The argument -dup is used to specify the maximal number of read alignments allowed for each position. "-dup 2" means MapCaller will only use the first two alignments with the same start position to infer variants. Therefore, DP and AD might be different when using different -dup. Since the read length of ERR2653232 is 151, if there is no any read duplicates, the average DP should be 151 when the average DUP is 1. If read length is L and sequencing coverage is N, the average dup is N/L. I use -dup to prevent PCR-duplicates from dominating the variant calling. The theory is based on PCR-duplates will produce multiple read alignments with the same start position. However, it is possible two paired-end reads will produce alignments with the same start position at one end, but different start position at the other end. Thus the default dup is 5 to allow some read alignments of such cases. It is the most strict when dup is set to 1, which means no other read alignments with the same start position is allowed. All the statistical numbers are based on read alignments that are used for variant calling. That's why you see different DP and AD when you applying different dup values. It is not a bug.
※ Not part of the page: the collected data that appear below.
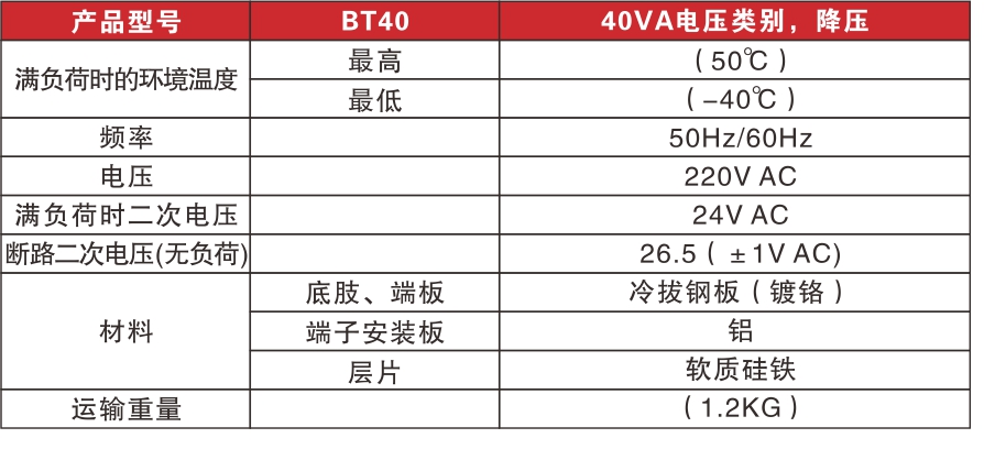 BT40系列變壓器用于馬達(dá)驅(qū)動(dòng)器,分級控制及其它低壓控制電路。在額定負(fù)荷時(shí)能提供額定的二次輸出系統(tǒng)中的部件正常工作。
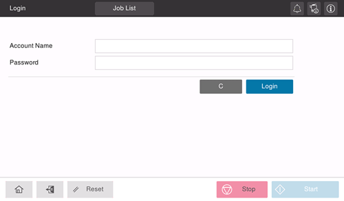 Si está activado el seguimiento de cuentas en la máquina, se visualiza la pantalla de inicio de sesión. Introduzca el nombre de cuenta y la contraseña para habilitar el seguimiento de cuenta.
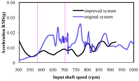 Figure 11 shows the y-direction acceleration amplitudes of the cab seats of the two different cab mount systems (improved system and original system), at an order of 1.22. The improved cab mount obviously decreased the vibration amplitude during rotational speeds of 580–630 rpm. The statistical results indicate that the average vibration amplitude was decreased by 50.8% in this rotational speed range.
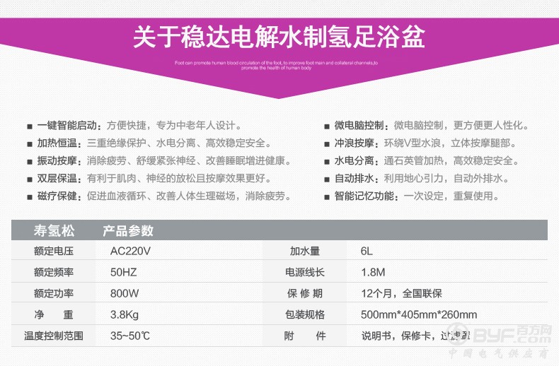 脚是人体中离心脏最远的部位,冬天由于寒冷的刺激,脚部血管收缩,血液运行发生障碍,易诱发多种疾病。泡脚就是足浴,属于中医足疗法内容之一,也是一种常用的外治法。泡泡脚,既解乏,又利于睡眠。热水泡脚可以改善局部血液循环,驱除寒冷,促进代谢,最终达到养生保健的目的。而氢水泡脚机春夏秋冬都可以使用,是当今世界最先进的水疗减压产品代表,全新的清毒水疗理念。暂别城市的喧嚣,协同爱侣或家人,一个角落,一盆清水,沐足水中,闭上双眼,让产品带给我们高品质的休闲保健体验。
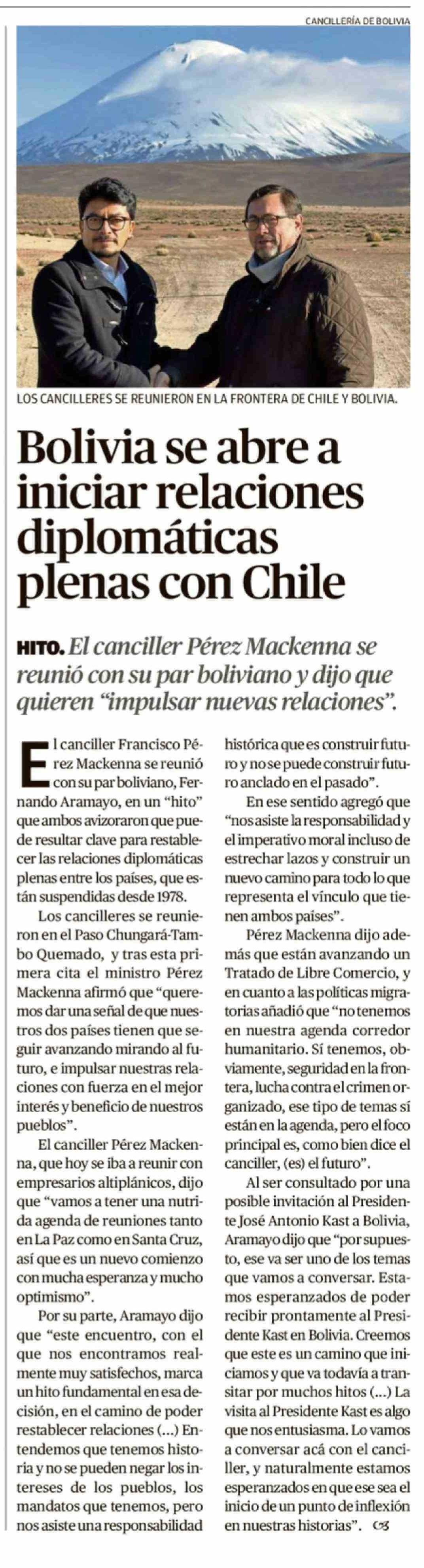 | Título: | Bolivia se abre a iniciar relaciones diplomáticas plenas con Chile |
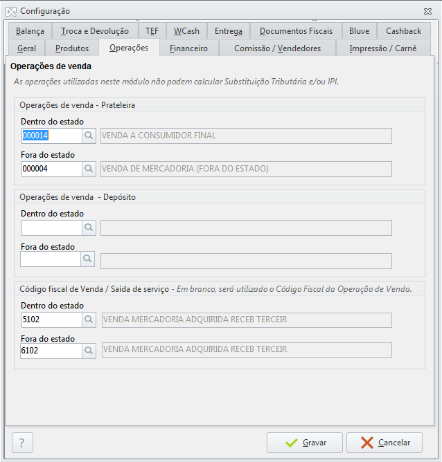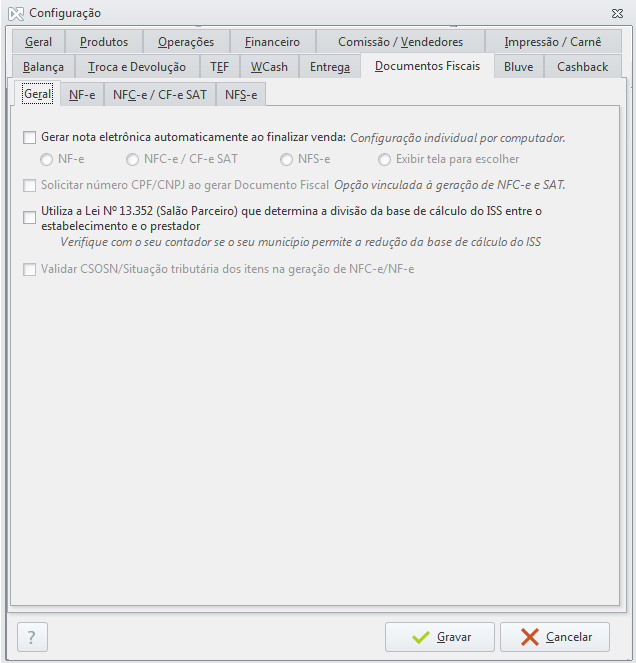 | Geral | Algumas opções desta aba só serão habilitadas se o sistema for configurado para emitir NFC-e pois estão diretamente relacionadas com este tipo de documento.
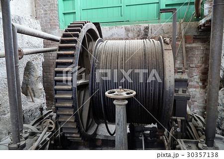 世界文化遺産の旧三池炭鉱万田坑 明治時代創業時に使われた蒸気動力式エレベーター巻き上げ機
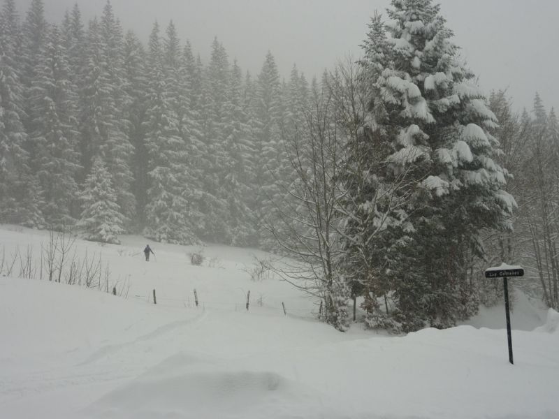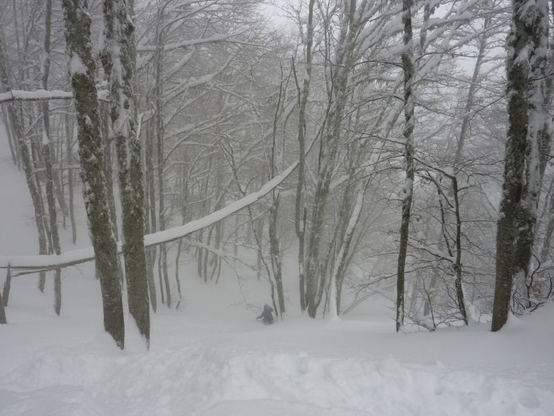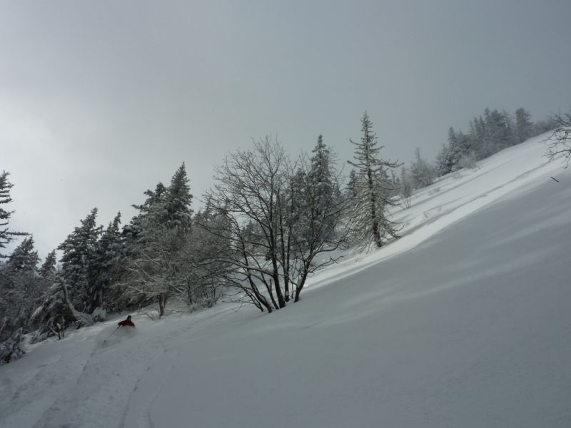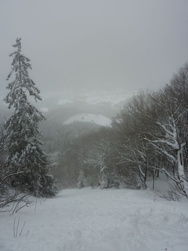 Les quantités de neige croissent de manière très importante avec l'altitude. D'où notre stop à la moitié de la seconde clairière, le mélange passage raide et grosse quantité de neige légèrement compactée par endroit ne nous inspirant pas. D'ailleurs la trace devant nous s'arrêtait là.
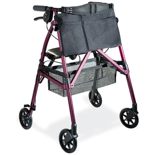 Rollator compacto dobrável O Rollator EZ dobra 3 vezes menor do que os rollators médios, tornando o portátil e fácil de zenar desmonte o andador de 4 rodas como um carrinho de guarda chuva com o toque de um dedo a fivela incluída mantém o andarilho dobrado Assento de poleiro conveniente o assento de viagem antiderrapante de por suporta até 113 kg o assento compacto e a alça traseira oferecem um lugar para sentar e descansar rapidamente durante uma viagem ou na loja o assento de perfil pequeno maximiza a portabilidade do andarilho. Não requer montagem o andarilho é pré montado e pronto para uso direto da caixa as alças acolchoadas podem ser ajustadas de 83 a , ajuste a altura do seu pulso quando o braço estiver estendido para baixo Marca: Não Informado
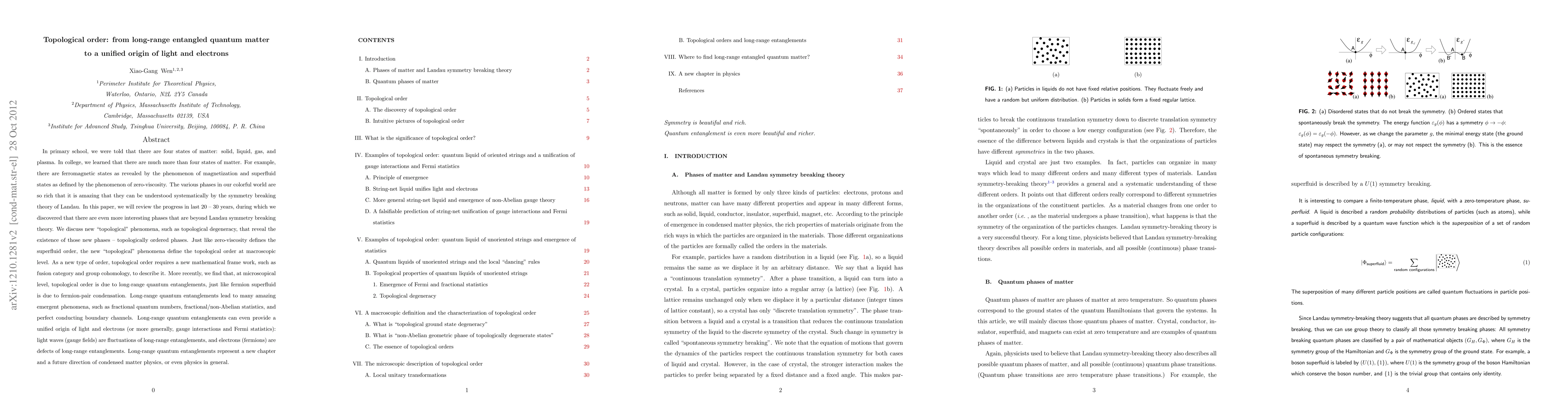 Researchers discovered a new type of order called topological order that arises from long-range quantum entanglements, unifying light and electrons in a single framework. This phenomenon leads to emergent properties like fractional quantum numbers and perfect conducting channels.
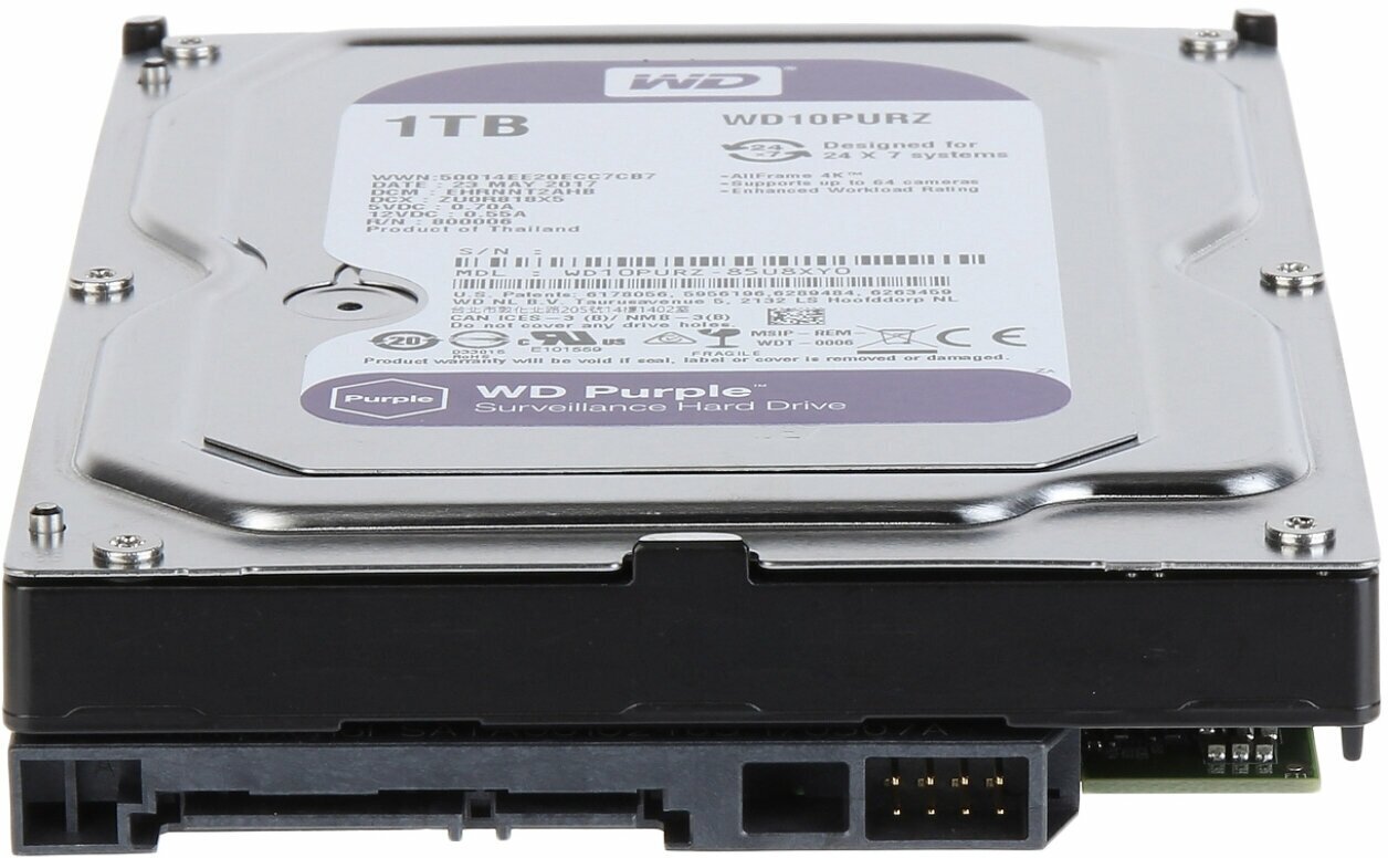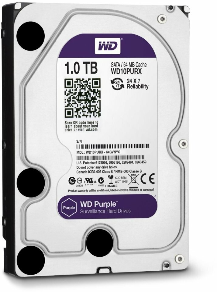 Накопитель WD HDD 3.5" SATA: 1000 Гб WD Purple WD10PURZ
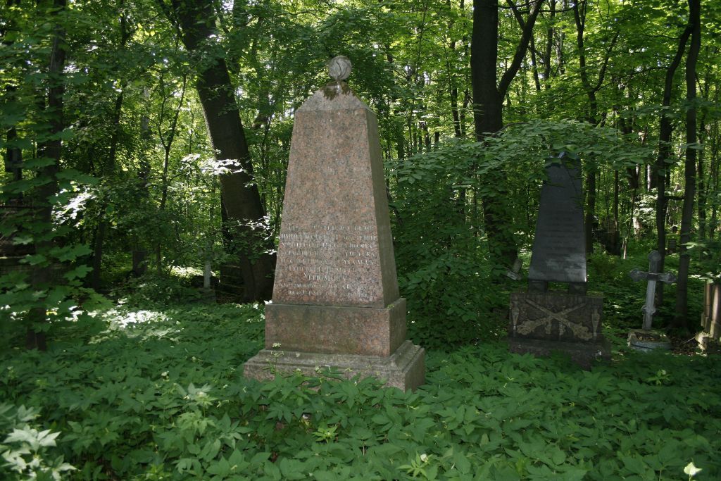 Объемно-пространственное и архитектурно-художественное решение:- местоположение, габариты и конфигурация участка;- историческое художественное решение надгробия (прямоугольный обелиск на пьедестале и основании), вид материала (естественный камень), характер и содержание надгробной надписи.
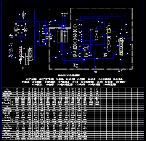After the feed air is cleaned of dust and mechanical impurities in air filter, it is compressed in air compressor to a certain pressure and then pre-cooled in air cooling tower. The water supply to air cooling tower is divided into 2 sections. The treated circulating water is used at the lower section of air cooling tower while the low temperature water cooled by water cooling tower is used at the upper section of air cooling tower. The wire-mesh screen demister is provided at the top of air cooling tower in order to prevent the moisture from being brought out and remove the water drops in air.
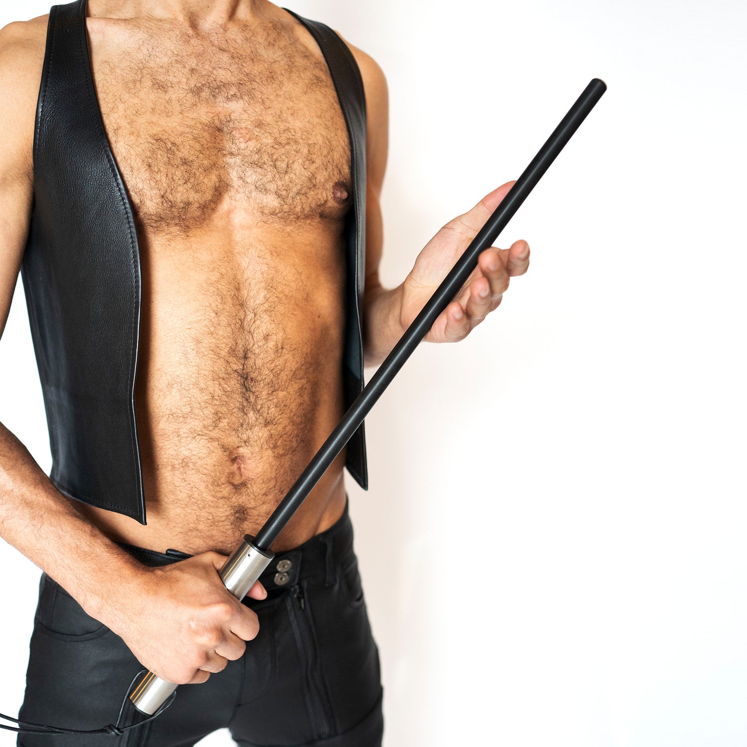 ruff GEAR Heavy Duty Teflon Cane Black Silver is a rigid, striking cane that could really leave some marks on a willling sub. With a girthy handle for an easy grip so you can be in full control, and a long, hard, Teflon cane that snaps, whips and cracks. You'll definitely be reaching for this in the bedroom.
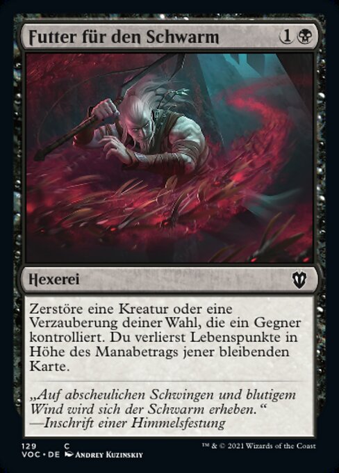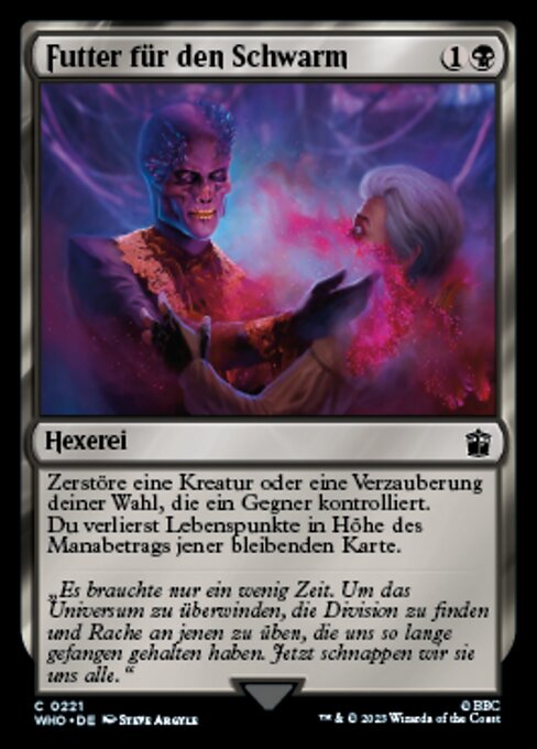 ![]() Variations— Parts— | Futter für den SchwarmZerstöre eine Kreatur oder eine Verzauberung deiner Wahl, die ein Gegner kontrolliert. Du verlierst Lebenspunkte in Höhe des Manabetrags jener bleibenden Karte.
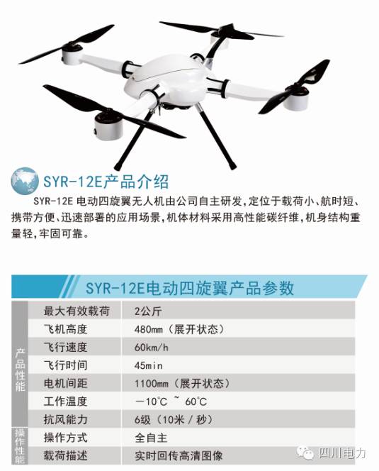SYR-12E電動四旋翼由公司自主研發,定位于載荷小、航時短、攜帶方便、迅速部署的應用場景,機體材料采用高性能碳纖維,機身結構重量輕,牢固可靠。可廣泛應用于:應急反恐、地質勘查、航空攝影、環境監控、電力巡線、城市管理等行業。
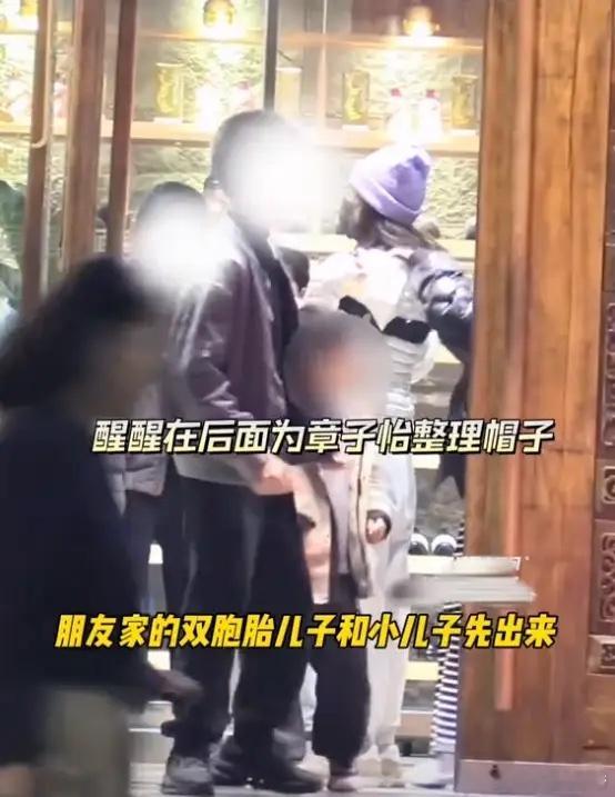 章子怡聚餐后走路姿势引热议,太像孕妇,醒醒贴心帮妈妈整理头发!
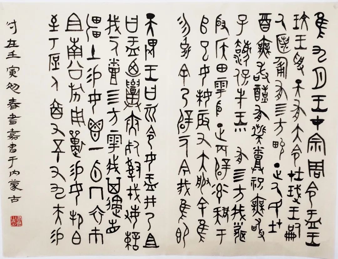 在这一个月的篆书学习中,收获了许多。相较于上学期来说,对篆书也有了更多不同的体悟,但在创作中还是存在较多的困难与问题,在今后还需勤加练习。
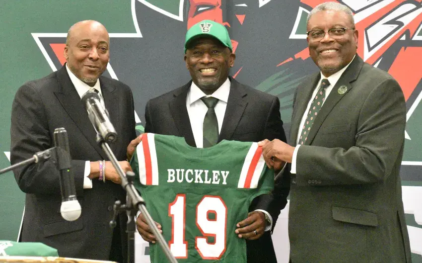 Terrell Buckley, center, was introduced as Mississippi Valley State’s 19th head football coach on Monday. Pictured with Buckley are interim athletic director George Ivory, left, and university president Dr. Jerryl Briggs. (By Jared Conerly, Copyright 2025 Emmerich Newspapers, Inc.)
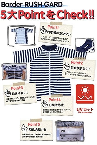 - ✅【 作り込まれたラッシュガード 】 前開きファスナー付きで、首の前と内側には、ファスナーガードが付いるので、直接ファスナーが肌に触れない様になっています。また、丈は少し長めで、お子様が座り込んで砂遊びをしたりしても、背中が出ない様なデザインになっています。袖は短過ぎない5分丈で、動きやすさを確保しつつ、腕を日焼けから守ります。 .
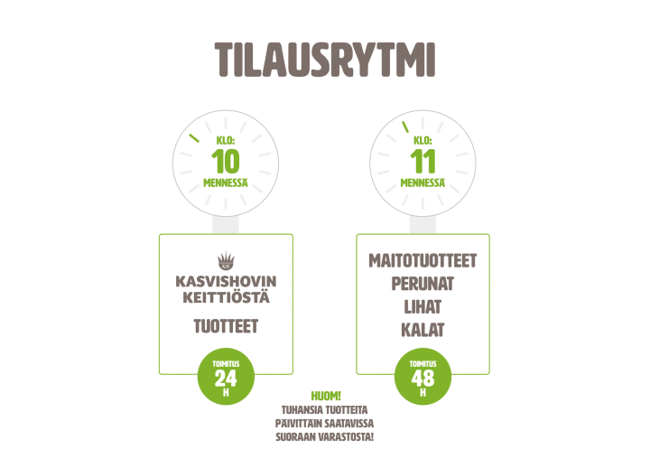 Huomaathan, että verkkokaupan tilaus-toimitusrytmi on pääsääntöisesti 48 h.

carlosmag commented 4 years ago

Thanks for the detailed explanation! Maybe it will be more clear if there was metric that records total depth when filtering for duplicates, secondary alignments (#24) and so on. In that way, it would be possible to know how many reads were discarded (total depth - considered depth). Pilon does that, by the way. What do you think?